А это занятие поразительно способствует всевозможным размышлениям. Я даже думаю, что пещерный человек делал свои медленные великие открытия, дремля у костра, глядя в огонь, и это помогало ему переползать из одной эры в другую, более совершенную.
Во всяком случае, могу утверждать с полной убежденностью, что сидеть у открытой печной топки и смотреть на пылающие дрова, помешивая их время от времени кочергой, — занятие в высшей степени духовное: в печном пламени, при хорошей тяге, пустая суетность с воем уносится в дымоход.
И вот именно так, глядя в огонь (холодами — в печной, а весной и летом — в садовые и рыбацкие мои костры), я стал постепенно приходить к заключению, что, быть может, и мне пора приступить к записям.
И приступил, стал вести их.
Меня тотчас увлекло, что в этом жанре нет никаких правил и законов: гуляй, автор, по какой вздумается тропке! Путешествуй, скачи во времени и в пространстве!..
Но внезапно чрезмерная вольность озадачила меня. Не привык я к ней. Уж слишком велика получается при этом ответственность. В цельной вещи, организованной композиционно, автор отвечает за все чохом. А в мелких заметках, в поденных записях, в картинках жизни его ответственность дробится и вытарчивает на каждой странице.
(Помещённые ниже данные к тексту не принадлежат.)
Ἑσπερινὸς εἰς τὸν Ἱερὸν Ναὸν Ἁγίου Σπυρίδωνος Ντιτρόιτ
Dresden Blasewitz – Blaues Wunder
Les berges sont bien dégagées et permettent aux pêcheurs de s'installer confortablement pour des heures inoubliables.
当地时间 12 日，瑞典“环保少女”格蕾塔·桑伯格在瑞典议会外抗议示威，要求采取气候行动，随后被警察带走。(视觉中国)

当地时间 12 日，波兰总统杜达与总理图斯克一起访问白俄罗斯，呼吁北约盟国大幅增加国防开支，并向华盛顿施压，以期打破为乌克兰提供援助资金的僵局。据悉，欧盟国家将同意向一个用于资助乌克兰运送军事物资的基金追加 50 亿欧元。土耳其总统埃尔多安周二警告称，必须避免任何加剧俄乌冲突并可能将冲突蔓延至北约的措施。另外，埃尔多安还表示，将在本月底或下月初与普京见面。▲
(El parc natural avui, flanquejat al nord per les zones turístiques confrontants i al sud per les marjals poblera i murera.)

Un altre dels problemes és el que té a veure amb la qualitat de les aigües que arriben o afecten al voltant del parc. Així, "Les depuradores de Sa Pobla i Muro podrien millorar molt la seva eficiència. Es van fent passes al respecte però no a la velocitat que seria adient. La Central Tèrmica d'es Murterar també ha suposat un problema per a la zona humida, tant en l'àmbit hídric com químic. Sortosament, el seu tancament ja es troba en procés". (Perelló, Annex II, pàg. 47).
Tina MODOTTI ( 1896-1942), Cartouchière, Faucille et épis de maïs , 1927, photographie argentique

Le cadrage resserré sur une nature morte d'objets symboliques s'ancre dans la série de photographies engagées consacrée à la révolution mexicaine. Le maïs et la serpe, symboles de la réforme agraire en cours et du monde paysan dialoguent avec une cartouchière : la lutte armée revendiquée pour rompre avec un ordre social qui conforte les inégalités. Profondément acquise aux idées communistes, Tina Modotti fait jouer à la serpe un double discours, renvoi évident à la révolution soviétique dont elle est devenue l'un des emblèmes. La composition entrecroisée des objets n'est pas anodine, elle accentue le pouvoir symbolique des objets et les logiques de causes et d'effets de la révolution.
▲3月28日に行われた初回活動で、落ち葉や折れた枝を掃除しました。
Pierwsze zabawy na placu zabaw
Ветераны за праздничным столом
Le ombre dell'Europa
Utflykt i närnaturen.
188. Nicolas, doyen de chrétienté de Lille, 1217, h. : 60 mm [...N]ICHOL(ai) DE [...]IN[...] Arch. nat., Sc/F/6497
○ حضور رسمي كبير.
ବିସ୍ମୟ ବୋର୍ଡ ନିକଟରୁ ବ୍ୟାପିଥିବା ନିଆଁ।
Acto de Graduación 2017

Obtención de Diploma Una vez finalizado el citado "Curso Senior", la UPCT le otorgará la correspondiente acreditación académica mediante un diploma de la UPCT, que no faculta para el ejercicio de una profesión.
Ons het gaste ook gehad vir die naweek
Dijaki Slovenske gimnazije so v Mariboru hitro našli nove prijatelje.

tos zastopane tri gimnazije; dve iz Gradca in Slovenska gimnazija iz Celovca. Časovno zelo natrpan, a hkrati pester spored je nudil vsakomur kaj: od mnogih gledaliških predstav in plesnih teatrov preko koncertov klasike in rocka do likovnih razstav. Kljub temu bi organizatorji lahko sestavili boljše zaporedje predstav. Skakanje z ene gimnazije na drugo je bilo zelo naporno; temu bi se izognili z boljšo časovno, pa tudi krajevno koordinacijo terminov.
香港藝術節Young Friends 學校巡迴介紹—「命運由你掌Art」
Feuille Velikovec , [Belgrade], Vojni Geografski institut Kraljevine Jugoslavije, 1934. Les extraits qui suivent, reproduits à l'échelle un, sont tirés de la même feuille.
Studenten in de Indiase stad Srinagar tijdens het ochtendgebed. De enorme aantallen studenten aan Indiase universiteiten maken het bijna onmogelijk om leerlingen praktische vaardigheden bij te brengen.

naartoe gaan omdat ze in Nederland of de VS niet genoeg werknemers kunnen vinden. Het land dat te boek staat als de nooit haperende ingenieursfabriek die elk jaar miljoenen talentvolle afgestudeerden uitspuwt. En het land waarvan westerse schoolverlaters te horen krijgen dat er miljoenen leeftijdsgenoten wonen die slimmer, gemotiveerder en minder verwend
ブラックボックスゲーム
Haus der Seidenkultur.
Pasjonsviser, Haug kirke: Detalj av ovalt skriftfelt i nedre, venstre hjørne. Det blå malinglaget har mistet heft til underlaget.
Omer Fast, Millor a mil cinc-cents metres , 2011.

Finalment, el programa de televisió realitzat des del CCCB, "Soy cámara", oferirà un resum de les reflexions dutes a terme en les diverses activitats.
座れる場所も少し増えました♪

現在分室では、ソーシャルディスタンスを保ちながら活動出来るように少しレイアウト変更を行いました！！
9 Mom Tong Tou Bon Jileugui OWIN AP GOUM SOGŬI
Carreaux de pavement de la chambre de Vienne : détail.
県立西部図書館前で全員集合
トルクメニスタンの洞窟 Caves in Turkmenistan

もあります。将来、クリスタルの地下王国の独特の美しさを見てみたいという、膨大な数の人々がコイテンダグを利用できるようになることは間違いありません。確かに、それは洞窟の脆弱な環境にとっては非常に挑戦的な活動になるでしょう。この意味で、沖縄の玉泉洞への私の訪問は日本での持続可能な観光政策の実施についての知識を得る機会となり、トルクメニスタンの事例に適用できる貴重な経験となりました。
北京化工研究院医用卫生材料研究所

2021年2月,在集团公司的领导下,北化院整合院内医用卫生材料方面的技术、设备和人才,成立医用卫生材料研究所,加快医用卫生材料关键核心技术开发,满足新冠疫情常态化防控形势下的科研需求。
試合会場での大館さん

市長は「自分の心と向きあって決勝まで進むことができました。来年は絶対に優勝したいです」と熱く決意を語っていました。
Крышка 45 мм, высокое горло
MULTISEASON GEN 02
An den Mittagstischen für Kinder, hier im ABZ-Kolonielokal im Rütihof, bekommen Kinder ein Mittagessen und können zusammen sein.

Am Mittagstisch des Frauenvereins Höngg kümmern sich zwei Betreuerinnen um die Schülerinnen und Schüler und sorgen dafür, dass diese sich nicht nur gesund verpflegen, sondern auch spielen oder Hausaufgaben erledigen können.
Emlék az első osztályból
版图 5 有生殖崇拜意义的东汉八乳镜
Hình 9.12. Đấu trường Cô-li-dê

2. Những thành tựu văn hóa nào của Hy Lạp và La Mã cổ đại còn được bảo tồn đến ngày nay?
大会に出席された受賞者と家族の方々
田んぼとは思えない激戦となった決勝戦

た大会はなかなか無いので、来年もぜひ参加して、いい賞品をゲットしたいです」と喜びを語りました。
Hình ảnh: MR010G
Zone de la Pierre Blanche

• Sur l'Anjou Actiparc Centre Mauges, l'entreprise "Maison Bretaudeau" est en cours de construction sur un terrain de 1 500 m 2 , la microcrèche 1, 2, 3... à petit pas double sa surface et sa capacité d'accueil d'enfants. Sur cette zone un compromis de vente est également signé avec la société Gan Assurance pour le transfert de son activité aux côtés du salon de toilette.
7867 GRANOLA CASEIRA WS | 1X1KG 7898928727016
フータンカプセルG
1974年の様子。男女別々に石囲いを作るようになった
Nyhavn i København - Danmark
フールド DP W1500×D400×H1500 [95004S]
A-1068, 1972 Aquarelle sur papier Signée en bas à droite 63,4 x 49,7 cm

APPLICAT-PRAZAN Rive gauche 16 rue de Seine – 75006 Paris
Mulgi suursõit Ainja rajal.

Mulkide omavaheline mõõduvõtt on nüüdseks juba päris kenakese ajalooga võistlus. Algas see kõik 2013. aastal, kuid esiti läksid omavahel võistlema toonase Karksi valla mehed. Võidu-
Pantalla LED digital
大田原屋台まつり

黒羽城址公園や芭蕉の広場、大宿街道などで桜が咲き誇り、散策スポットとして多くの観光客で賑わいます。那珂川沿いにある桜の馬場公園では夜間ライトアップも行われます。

Как бы тут не дать слабины, подумал я, уж очень бы не хотелось на старости лет. И пришлось мне для страховки оглянуться на литературный опыт великого прошлого.
Оглянулся, увидел и несколько успокоился.
Не было и нет единообразной записной книжки писателя. Они весьма различны по типу.
Случаются поспешные заметки, понятные лишь их автору, — над ними впоследствии (если он этого заслуживает) бьются текстологи и литературоведы, пытаясь расшифровать: что бы это значило?
Есть записи — наблюдения, зарисовки. Записи-мысли. Записи-факты. Записи-сюжеты.
Что касается записей-мыслей, то это далеко не всегда мысли самого автора: они могут впоследствии стать мыслями которого-либо из его героев, и притом не обязательно положительного.